うわっ!と二人同時に怯んだと同時に、痛っ!と塩田さんの声がした。これはやばいと一目散にその場を離れる。

アシナガバチはそこまで追ってこなかったので私は無事に逃げ切れたが、塩田さんがハチに刺された。

「いてて、生まれて初めてアシナガバチに刺されたわ」

塩田さんの腕を見ると、赤い点があって、そこを中心に少し腫れて膨らんでいた。

「アシナガバチですね、やられましたね。すぐに水で傷口を洗いましょう」

以前に私もアシナガバチに刺されたことがある。
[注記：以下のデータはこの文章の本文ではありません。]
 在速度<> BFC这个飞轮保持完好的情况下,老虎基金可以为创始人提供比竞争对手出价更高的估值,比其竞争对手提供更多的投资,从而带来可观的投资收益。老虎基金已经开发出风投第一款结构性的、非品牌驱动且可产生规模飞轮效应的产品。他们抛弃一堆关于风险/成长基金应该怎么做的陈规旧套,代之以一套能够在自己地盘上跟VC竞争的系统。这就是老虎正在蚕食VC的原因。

レンコン農家に住み込みで働いていた時、干した衣類にアシナガバチが入り込んでいて、服を着た瞬間にグサッとやられた。刺された時はたまらなく痛く、痛みが治まると今度は強烈な痒みがやってきた。

当時の苦い経験を糧に、塩田さんに治療法を教えて……あげられるほどの記憶力は私にはないので、ネットで調べて対応した。

  • 水で刺された場所を洗い、冷やす。
  • アシナガバチは毒を持っているので、傷口を洗う時は毒を絞り出すようにして洗う。
  • 傷口にハチの針が刺さっていれば抜く。
  • 洗い終わったら抗ヒスタミン軟膏、ステロイド軟膏を塗る。
  • アナフィラキシーショックの症状、体調に変化がないか確認。問題あれば救急車を!

「いやー、まったく災難だわー」と顔をゆがめる塩田さん。

そういえば、去年私が来た時は塩田さんのスマホが壊れた日で、一緒に修理に行ったっけ。そして、今年はハチに刺され……え、なに? もしかして私が疫病神?
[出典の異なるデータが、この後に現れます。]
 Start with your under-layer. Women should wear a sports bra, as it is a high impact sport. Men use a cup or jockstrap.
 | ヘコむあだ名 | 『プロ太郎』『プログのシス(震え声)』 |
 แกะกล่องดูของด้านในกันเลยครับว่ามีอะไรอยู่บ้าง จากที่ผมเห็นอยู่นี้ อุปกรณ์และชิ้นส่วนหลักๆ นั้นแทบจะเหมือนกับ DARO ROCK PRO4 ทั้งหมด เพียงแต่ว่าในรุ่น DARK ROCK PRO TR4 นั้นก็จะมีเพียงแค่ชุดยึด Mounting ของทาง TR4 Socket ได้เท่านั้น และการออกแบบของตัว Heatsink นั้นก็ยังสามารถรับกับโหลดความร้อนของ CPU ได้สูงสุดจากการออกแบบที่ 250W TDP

「いやいや、Kちゃん(私のこと)が刺されなくてよかったよ。しかしどうしてこう、うまくいかないものかねー」

おしゃべりをして元気を取り戻したかに見えた塩田さんだが、ハチに刺されてまた凹んでしまった。そりゃそうだ、苦しい経営状況な上に、ハチに刺されるなんて……今度こそ、かける言葉が見つからない。

いや、待てよ、この状況ってまさに!

「塩田さん、こんな状況で非常に言いにくいのですが、これって……『泣きっ面に蜂』」

「まさにそうだね」と苦笑いを浮かべていた。

 

後日……。

塩田さんにその後のことを聞いてみると。

「ハチに刺された現場を確認してみたら、足元に潰れたハチの巣があってさ。俺が草と一緒に引っこ抜いた後に、更に思いっきり踏みつけていたようで…そりゃ刺されますわね」

青天の霹靂……ついでに、肉を切らせて骨を断つ。転んでもただでは起きない、農家の底力を思い知った。